Внезапно умер человек, всех замыслов не воплотив.
Что ж, дни сосчитаны, ждать передышку глупо:
Кто Смерть уговорит не заносить в актив
Очередную очевидность трупа?

Необходима смелость встреч с внезапностью дорог –
Невозмутимость, непоколебимость духа;
Кто служит тайнам тел, тот прозорлив, как Бог,
И, подводя итог, вздыхает глухо.

(1923)


ШТОРМОВОЙ СИГНАЛ


Полночь – пусть звезды не вводят в обман, - 
Рассвет далеко, и грозит ураган.
Была нам обещана встряска давно –
Но нету охоты исследовать дно.

Будь наготове! Затишье как раз
Подскажет, что шторм не помилует нас.
И легче сейчас не сносить головы,
Чем думать, что завтра мы будем мертвы.

Пускай мы скалу обойдем, и тогда
Не верьте, что нас миновала беда.
Лишь трусы легко закрывают глаза
На то, что в округе лютует гроза.

Приказано, чтоб мы держались вдали
От проклятой Богом и чертом земли;
И волнам безжалостным дали отпор,
Чтоб с ветром и временем выиграть спор.

Ревет и швыряет.
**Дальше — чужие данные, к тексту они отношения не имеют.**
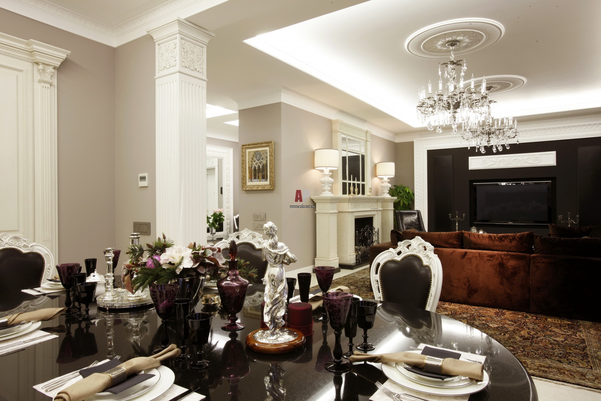 Кухня-столовая соединена с гостиной широким порталом. Пилястры, обеденная группа, Giorgio Piotto.

Но слышно в ночи,
Как сердце могучего судна стучит.
И палуба крутится, словно волчок,
И жизнью нас радует каждый толчок!

Мы движемся, хоть и потеряна цель;
Мы верим, а значит, не сядем на мель;
В открытое море нас гонит закон,
Пока не пробьемся – никто не спасен!
(1932)


Эзра Паунд  (1885-1972)


COMRADERIE


"E tuttoque io a lacompaqia
di molti, quanto acta vista".

Порой я ощущал твоей щеки
Касанье, словно дуновенье Юга;
Казалось, что взывает вся округа
К весне в лугах и в роще близ реки.

Что ж, иногда рассудку вопреки
Вдруг прорастают волосы упруго
Сквозь ливень глаз, и входим мы друг в друга,
А воздух времени немеет вкруг руки.

А то по вечерам дождинки слез,
Дрожь каплевидна, и напрасной жертвой
Мой пульс несется, зная: чувство смертно
И пронеслось, как ветер розу нес.



ДЕРЕВО

Я так стоял и древом был в лесу,
Познав миропорядок, скрытый прежде;
И Дафну, и лавровый венок, и
Празднество, в честь богоравной пары,
Которая вяз-дуб спасла от кары.
Но прежде было нужно весь синклит
Богов просить прийти, ведь им сулит
Покой давно очаг в сердечном доме;
Тогда лишь боги и устроят чудо;
Что ж, побывал я деревом в лесу,
Познал немало истин на весу,
Казавшихся безумными дотоле.

 

Invern

Пришла зима земли,
И я ‑ зимы частица,
Дух всех движений ощутим во мне;
Я вынужден переносить земную зиму,
Часами в зябкой серости томясь
И радуясь скупым мгновеньям солнца,
Увял я в ожидании весны!
А то еще алкать тепла, согнувшись
Над скудными прожилками огня
В зажженном очаге и черпать
Скупую радость в томике Лонгина ‑
Когда б читал я в первый раз,
Леса бы заблистали летом
Иль с дрожью отдались ветрам весны;

Позволило бы чтение внимать
Поющим сферам или сердце
Принудить к блужданию среди горящих роз,
Иль под луной любезной свить в траве гнездо.


Харт КРЕЙН (1899-1932)

   БРУКЛИНСКОМУ МОСТУ

Как много рассветов помнишь, как много ночей холодных,
Крылья бессонных чаек роняют перьями шум,
Над скованной сизой гладью зарёванных вод Свободы
Металлическим мозгом захлёбываешься, тугодум.
Взмываешь ажурным телом, глазу недосягаем,
Как призрак, как наважденье свободной от плоти души,
Как букв перегруппировавшихся неожиданное слиянье;
Сверхскоростным лифтом из будней нас вырвать спеши…

Я думаю о киношках, о панорамных трюках
С толпами, искривлёнными простынями зеркал,
В которых, себя не видя, торопятся в пропасть рухнуть,
Предсказывая соседям на тех же экранах провал.

И Ты – через гавань – вытянувший серебряные ходули,
Как будто солнце роняло слитки твоих шагов,
Энергию не растративший в тяжеловесном гуле,
Свобода – твоё призвание, свобода – твоя любовь!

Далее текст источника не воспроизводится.